The Rosenberg wheeze came to the world courtesy of the Kirkland Project for the Study of Gender, Society, and Culture, an outfit at Hamilton which is exactly what its name implies, a left-wing catchment where aging ’60s radicals pool to ferment and celebrate themselves. A list of the Kirkland Project’s activities reads like a parody of wacko academic radicalism (check out their programming online). L’affaire Rosenberg was a body-blow to Hamilton’s fund-raising efforts, but, hey, why be satisfied with half measures? Kirkland’s next trick was to invite Ward Churchill to campus. You remember Ward Churchill: he’s the make-believe Injun and tenured prof from the University of Colorado who thinks that the victims of Islamofascist terrorism are like Nazi bureaucrats. Thanks, Ward! You got your fifteen minutes of celebrity, but Hamilton College got the country’s anger and contempt—quite right, too.

What to do? How about a faculty committee to “study” the problem?
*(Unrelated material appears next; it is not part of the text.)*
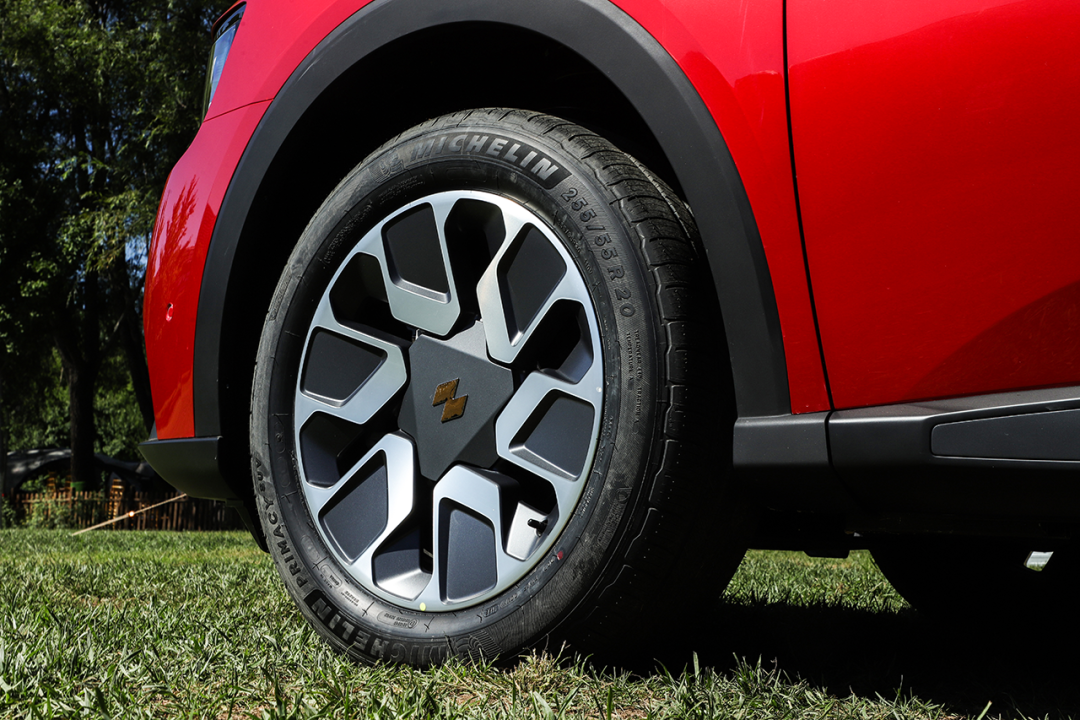 轮圈尺寸达到20英寸,提供运动/低风阻两种造型可选。轮胎方面,与之匹配的是主打静音、舒适的米其林Primacy系列轮胎,规格为255/55 R20。

Hamilton duly convened such a beast and, lo, it has spoken. In its final report, dated April 26, the Kirkland Project Review Committee gives us—a total whitewash. Yes, there have been “controversies” (what controversies? Neither Rosenberg nor Churchill is even mentioned) but “the breadth of faculty engagement in the mission of the Project makes clear that the Project serves a perceived curricular need.” Where is Bishop Berkeley when you need him? At least he had the excuse of believing that “to be is to be perceived,” but what sort of justification is “a perceived curricular need” for the Kirkland Project on Left-Wing Politically Correct Activism (that’s plain English for “the Study of Gender, Society, and Culture”)? Take your time …

To those who believe that the Kirkland Project is a tendentious, politically motivated institution that has no place at a liberal arts institution, the Committee responds that “We believe that it would be dangerously inappropriate for a liberal arts college to restrict the kinds of points of view expressible in the missions of established or broadly supported campus organizations.” Of course, the committee really believes no such thing. Hamilton College in general, and the Kirkland Project in particular, restricts all sorts of “points of view,” as anyone who asks “What conservative speakers/ programs/initiatives has the Kirkland Project sponsored?” will discover. The short answer to that question is None. We all know that academia has become a one-party state, proclaiming “diversity” while practicing conformity. But it is rare to have the contradiction illustrated quite so blatantly.

Academic committee reports are not famous for their humor. But this one does contain an inadvertently droll moment. It comes at the very end. In matters of substance, the report concludes, Kirkland should remain very much what it has been. But because of “considerable disagreement” about its mission, the committee recommends that—can you guess? That the Kirkland Project be disbanded and its assets distributed to a new organization for the study of the American Founders? Not quite. The one concrete recommendation the committee makes is that the Kirkland Project —change its name.

American higher education is in a state of crisis. For once, the public, which one way or another foots the bill, has suddenly sat up and begun to take notice. This is exactly what the professors do not want. But such scrutiny is the only thing that will save the academy from its malignant addiction to left-wing pieties.